Kamus Kehamilan: IUFD, Singkatan dari Apa?
ยทwaktu baca 2 menit

Memastikan kondisi bayi di dalam kandungan selalu sehat merupakan hal yang penting dilakukan selama kehamilan. Oleh karena itu, ibu hamil harus rutin melakukan pemeriksaan kehamilan atau antenatal care setiap bulannya.
Dengan begitu, ibu hamil bisa menghindari beberapa risiko yang mungkin terjadi pada bayi seperti IUFD. Sudah pernah dengar istilah itu, Moms?
Istilah IUFD dalam Kehamilan
IUFD adalah singkatan dari Intrauterine Fetal Death atau kematian janin dalam rahim. Dokter Spesialis Kandungan dan Kebidanan, Brian Levine, MD, MS, FACOG menjelaskan di laman Very Well Family bahwa IUFD merupakan kondisi kematian janin pada atau setelah minggu ke-20 kehamilan. Sementara itu, janin yang meninggal lebih awal biasanya disebut dengan keguguran.

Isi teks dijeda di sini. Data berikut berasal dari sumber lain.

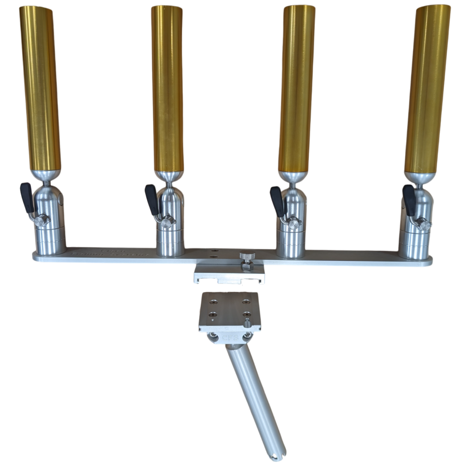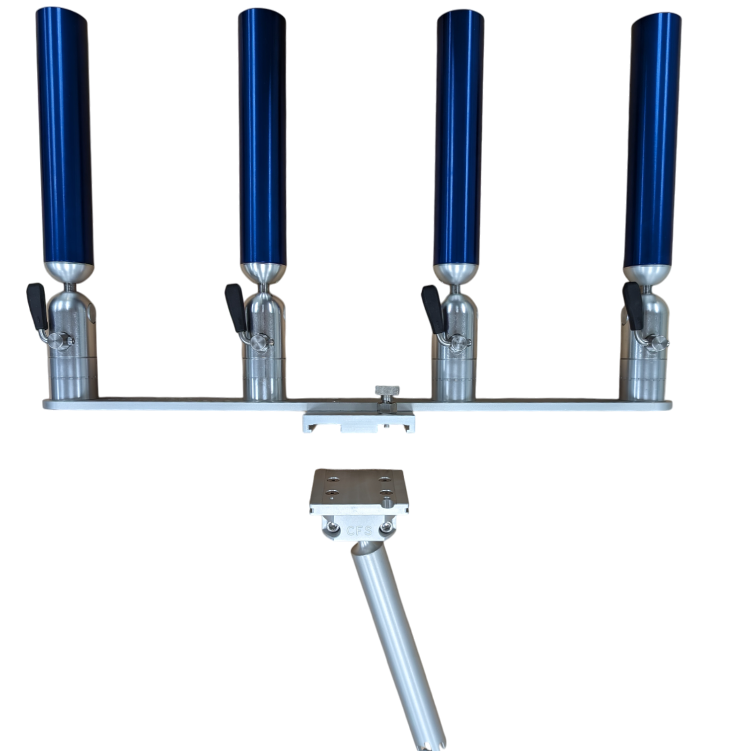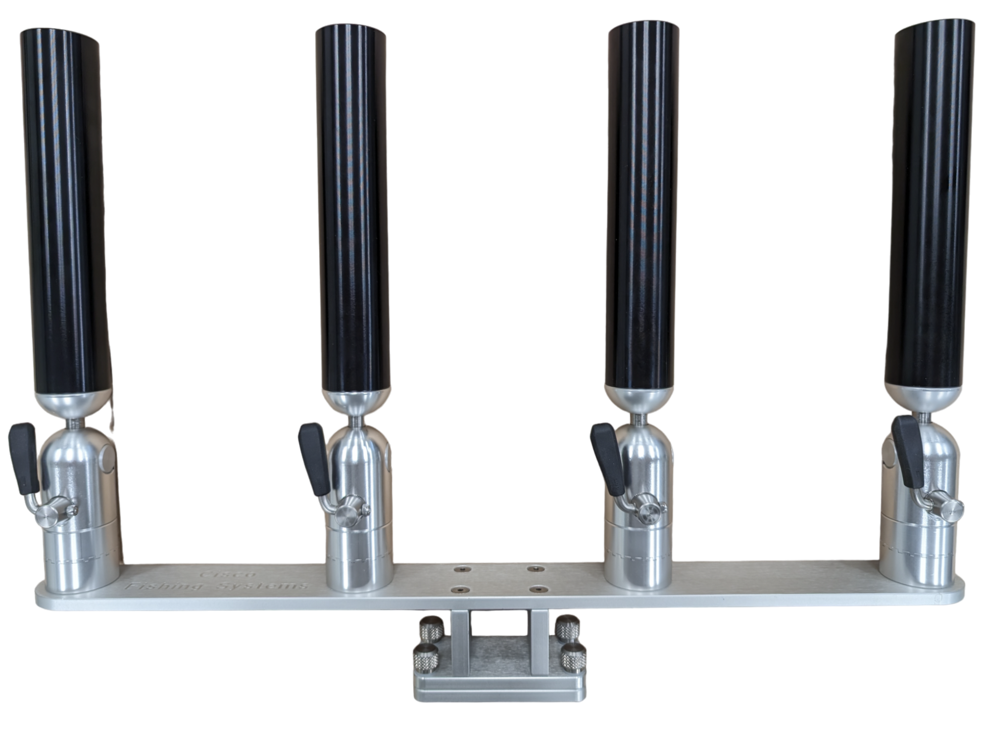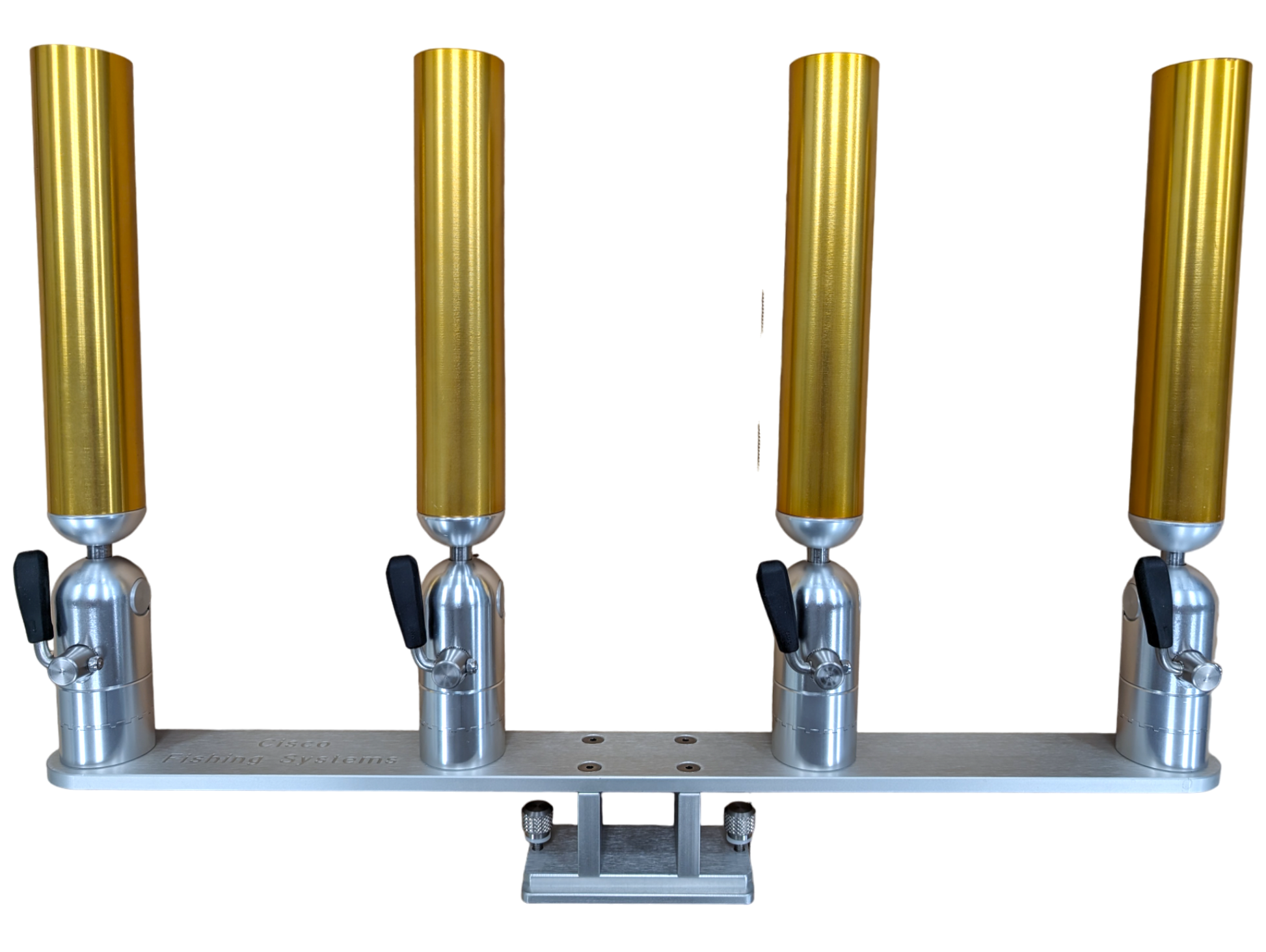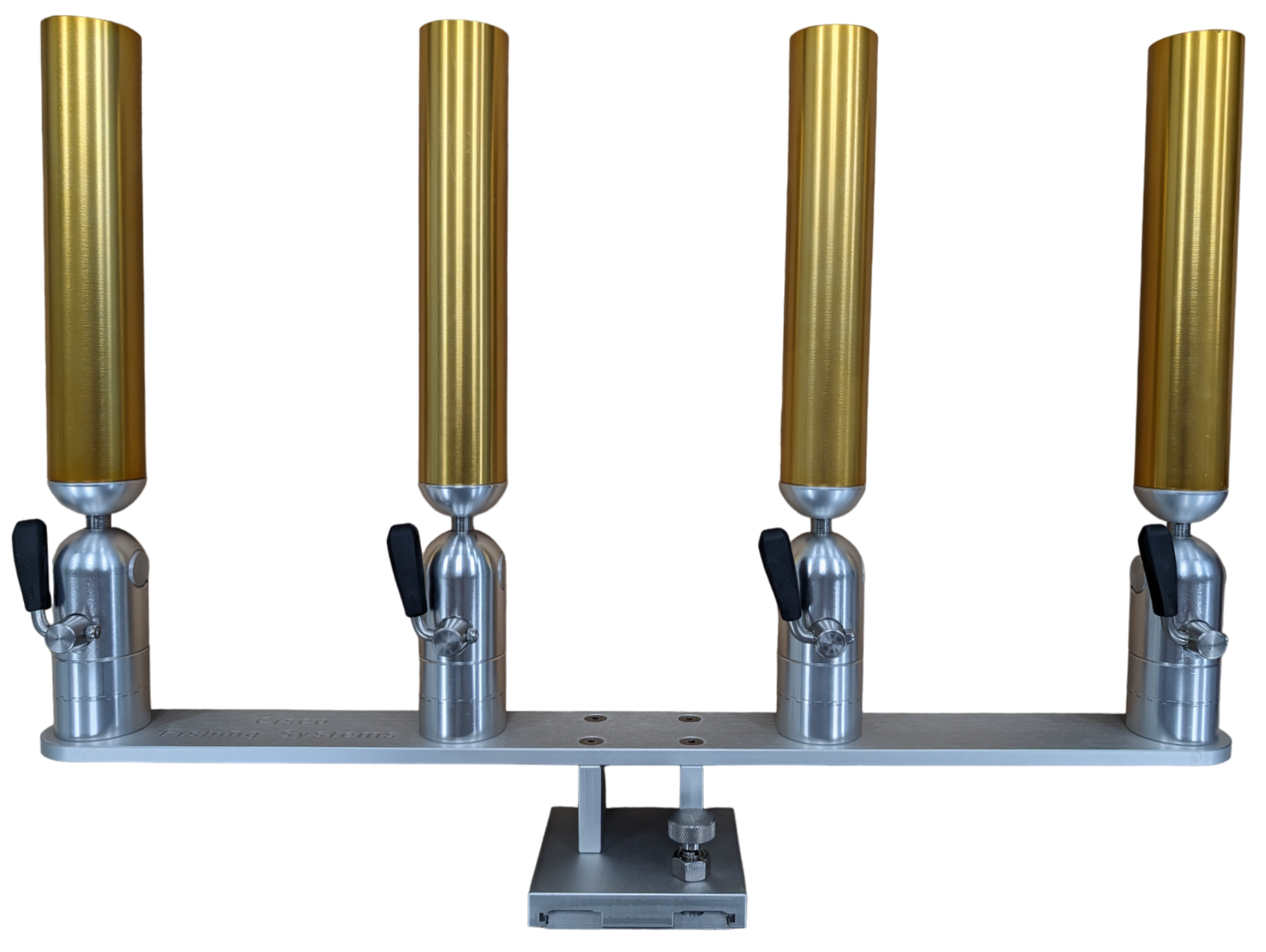 The quad rod holders are available in various mounting platforms. Having the rod holders attached to the triple plate allows for quick and easy removal of multiple rod holders from the vessel. All of our triple setups are available in Silver, Blue, Black or Gold to match your vessels personality.

Dikutip dari Flo, IUFD dapat diklasifikasikan menjadi tiga kondisi seperti:
Lahir mati dini: Kematian janin antara minggu ke-20 dan 27 kehamilan.
Lahir mati terlambat: Kematian janin antara minggu ke-28 dan 36 kehamilan.
Lahir mati: Kematian janin pada minggu ke-37 minggu kehamilan hingga setelahnya.
Organisasi Kesehatan Dunia (WHO) mengatakan bahwa ada 2,6 juta kelahiran mati secara global pada tahun 2015, dengan lebih dari 7.178 kematian per hari yang paling banyak terjadi di negara berkembang. Hingga saat ini, penyebab IUFD pada janin tidak bisa dijelaskan secara pasti.
Meski begitu, ada beberapa gejala yang bisa diwaspadai oleh ibu hamil, seperti munculnya bercak darah, nyeri dan kram di sekitar rahim, keaktifan bayi menurun, hingga detak jantung janin yang tidak terdeteksi saat pemeriksaan USG.